Performers take their shot at a dream

Cirque Dreams auditions local talent for Baltimore show

September 25, 2010|By Larry Carson, The Baltimore Sun

Poi dancers might not be in great demand outside New Zealand, but Adrian Galvin is hoping the skill he has developed in the ancient Maori hand-strengthening routine will land him a walk-on role at the Cirque Dreams show starting next month in Baltimore.

Galvin, a 22-year-old student at the University of Maryland, College Park, said the fuzzy balls at the end of the short ropes he twirled would ordinarily be on fire. But he imagined that a more authentic presentation might note have been appreciated by the management of the Hunt Valley Town Centre shopping center, where he and nine other performers tried out Saturday for a single spot in "Cirque Dreams Illumination," the new show scheduled to open Oct. 5 at the Hippodrome Theatre.

The local hopefuls included 9-year old Austin Brannan of Churchville, Harford County, who sang a crystal-clear version of "Gary, Indiana" from the show "Music Man," and jazz, hip-hop, interpretive and break dancers. A 16-year-old sang an aria without accompaniment; two girls from Bel Air twirled batons.

As Melissa Gallatin, 11, and Sarah Zoll, 10, worked it onstage, Sarah's mother, Christine, a former twirler herself and the girls' coach, silently performed each step mentally (and a few physically) at the back of the small crowd of spectators.

"I'm happy there's not 100 people. The odds are better," Christine Zoll said.

"Cirque Dreams Illumination" casting director Erik Alden described the show as a combination of European-style acrobatics and Broadway musical. The audition contest was a combination talent search and publcity stunt intended to drum up interest and ticket sales. Alden and a few assistants videotaped the performances; he said he'd make a recommendation to director Neil Goldberg on Monday.

"If you don't hear from us Monday, and Tuesday rolls around, go buy a ticket," he advised the hopefuls waiting patiently in Saturday's hot but breezy weather. Even the winner won't get paid, Alden said, except with the chance to perform and win a few free tickets.

Cast members Victor Dodronov and Paul Culbert provided a taste of the show.
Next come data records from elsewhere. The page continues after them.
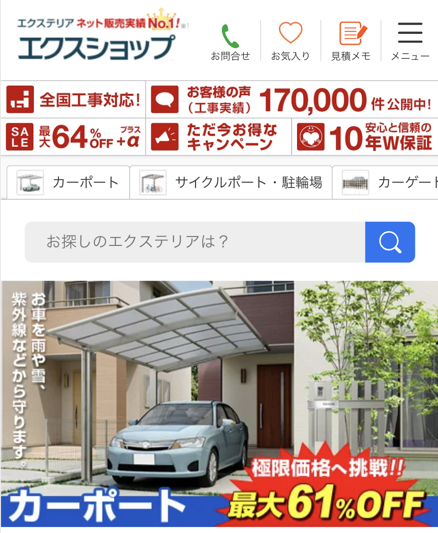 | ・製品を見て選びたい →エクスショップ | カタログのように完成品を見れる 工事費込みの価格で安心 |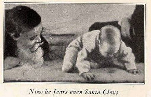 ジョンは最初にアルバート坊やに対して、白いネズミやウサギ、犬、サルといった動物を見せたり、ジョン本人が白髭のついたサンタクロースの不気味なお面を被ったり、燃えている新聞紙を見せたりしました。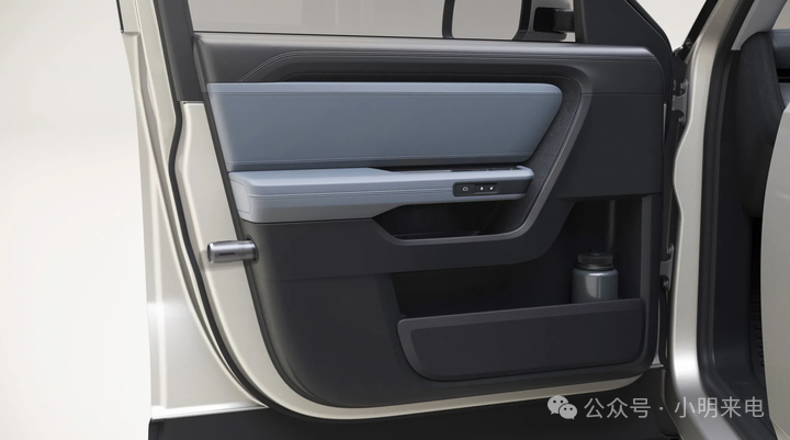 >与现有的R1S/R1T设计的另一个不同之处在于门上的扬声器被移除,留下更多的存储空间,当然,它不会是没有手电筒的Rivian:>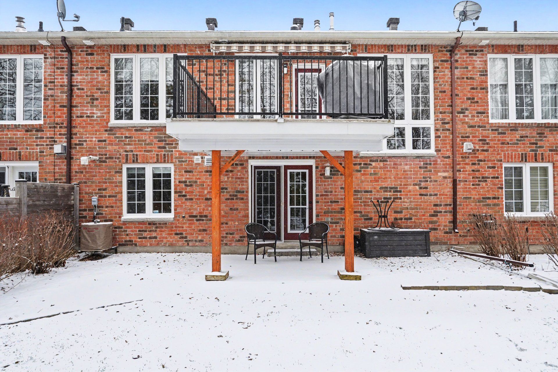 • Outdoor living space includes a deck with electric awning and private stone terrace.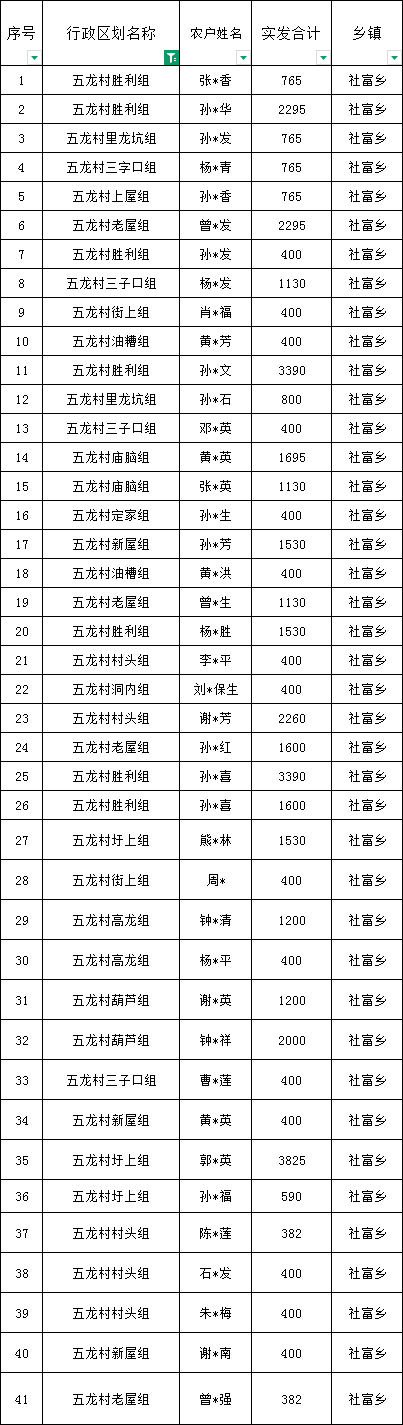 社富鄉五龍村預報2026年1月份農村低保匯總名單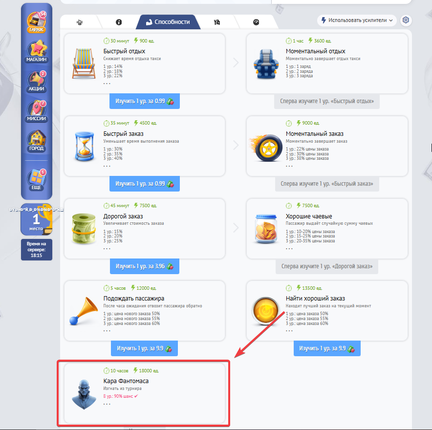Для флагманского такси “Фантомас” мы сделали специальную способность, которая под стать одноименному вымышленному персонажу и гениальному преступник. Эта способность поможет Вам брать первые места во множестве конкурсов и оставлять Ваших соперников позади.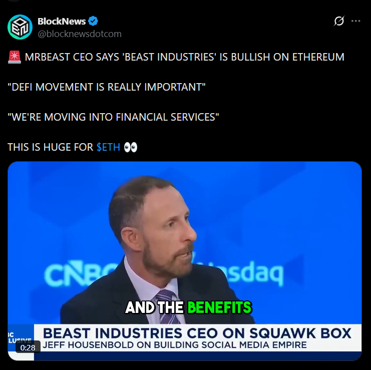 Beast Industries Goes All-In on Ethereum Calling It the Backbone of Stablecoin and Blockchain Infrastructure

Dressed as clownish house painters, they used painter's props to do a complicated balancing act.

Although it wasn't clear exactly what kind of skill might win a spot in the show, hopefuls said they were happy for the exposure and the chance to build their experiences.
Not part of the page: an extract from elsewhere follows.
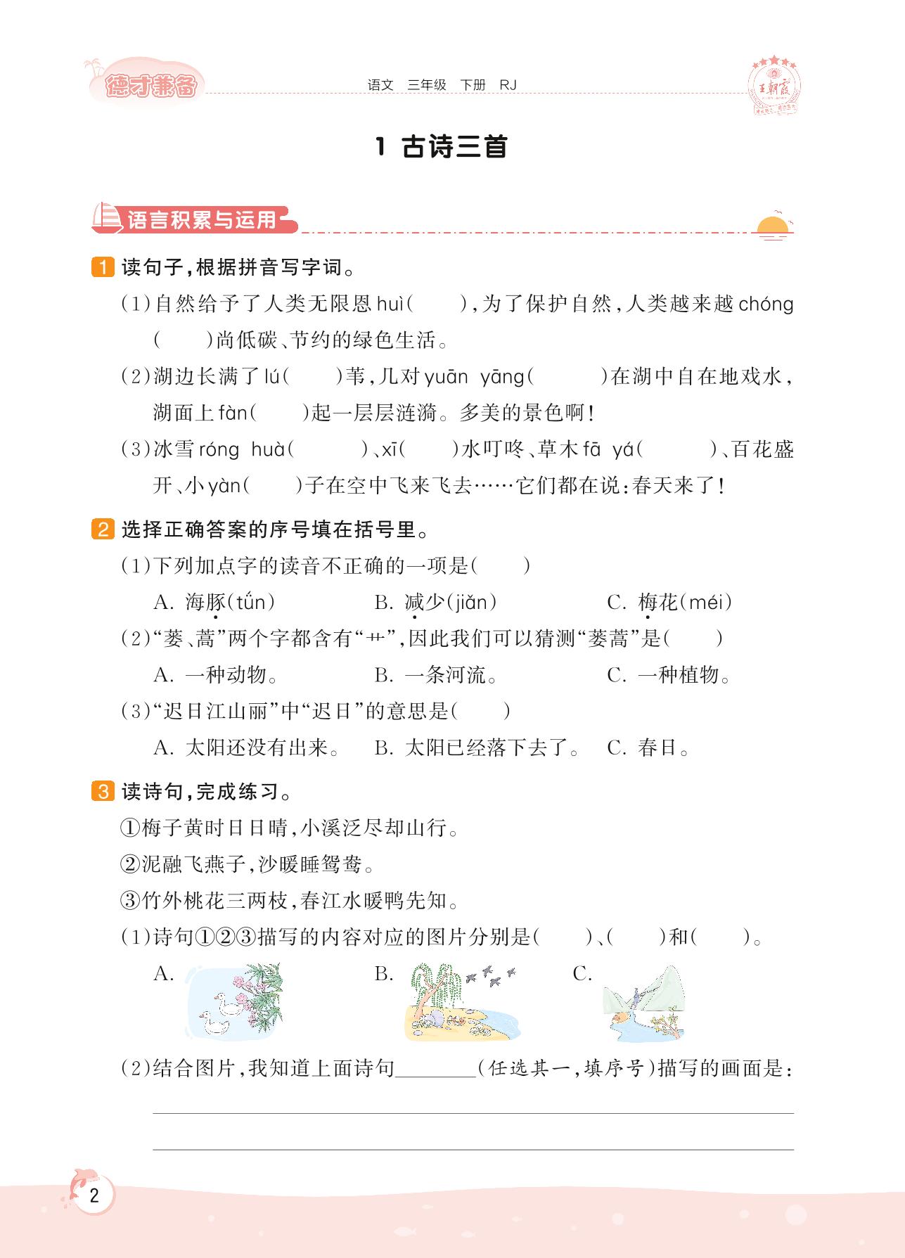 2022下册三年级语文人教版 第一单元 可爱的生灵——1 古诗三首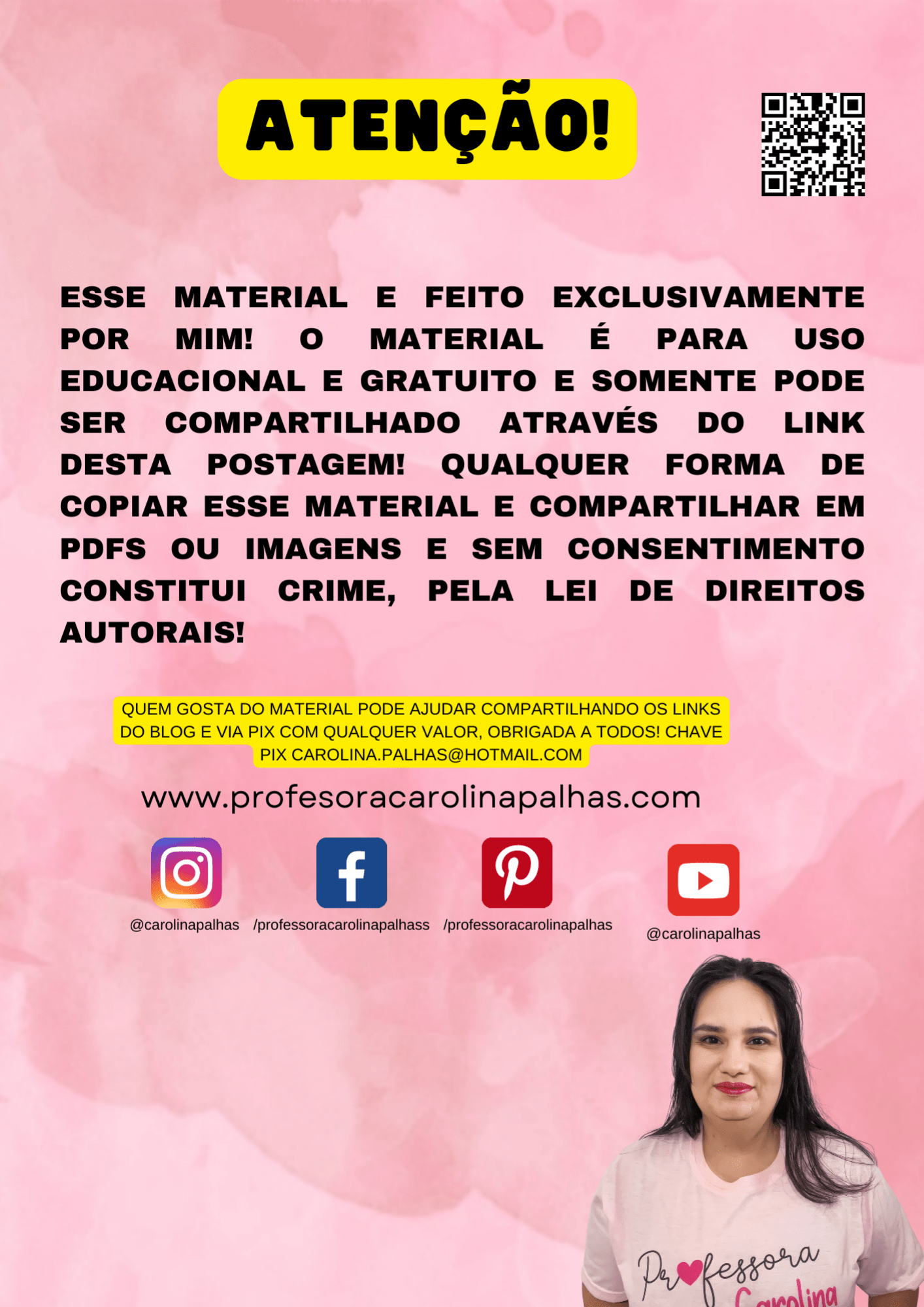 OBSERVAÇÃO: Esse material e feito exclusivamente por mim! O material é para uso educacional e gratuito e somente pode ser compartilhado através do link desta postagem! Qualquer forma de copiar esse material e compartilhar em PDFS ou imagens e sem consentimento constitui crime, pela lei de direitos autorais!

Towson University acting student Kaitlyn Huffman hopes to perform professionally; she said her contemporary dance/ballet routine was another chance to show her skills.

"Performing is what I'm looking for, not teaching," said Huffman, 21, of Westminster.

Sixteen-year-old Somaya Reda is into jazz dancing.

"I've been dancing since I was 3," the Odenton youth told Alden after her performance in a sparkling aqua-colored outfit.

"I don't know who they're looking for, but I'm hoping for the best," she said.

Confidence is key to these competitive events, several participants said. Trying out is fun, but being picked would be the best.

Sixteen-year-old Alyssa Wenner sang opera but said she also can handle country music tunes.

"I would love to go into country music," said the Ellicott City youth, who has been singing since age 2.

"Everything she's tried out for has been an incredible experience," said her mother, Stacey Kraines.

Isaiah Stokes, 13, did a spectacular break-dancing routine that he works on at the B-Funk dance studio near his Elkridge home.

"I think I have a pretty good chance," said Isaiah, who waited to get his shot before heading off to play football in a Howard County recreation league game.

Galvin said he hopes to become a professional fire dancer for Cirque shows. He taught himself the ancient steps, though he performed them to modern pop music.

"I figured I'd show up and have fun,' he said, even if he couldn't use real flames. "It's a great way to meet other performers."

Beneath calm demeanors, several of the hopefuls described strong desires to get into show business.

"That would be my dream come true," said Amy Wuyscik, 20, another Towson University dancer. "I'm just going to see where it takes me."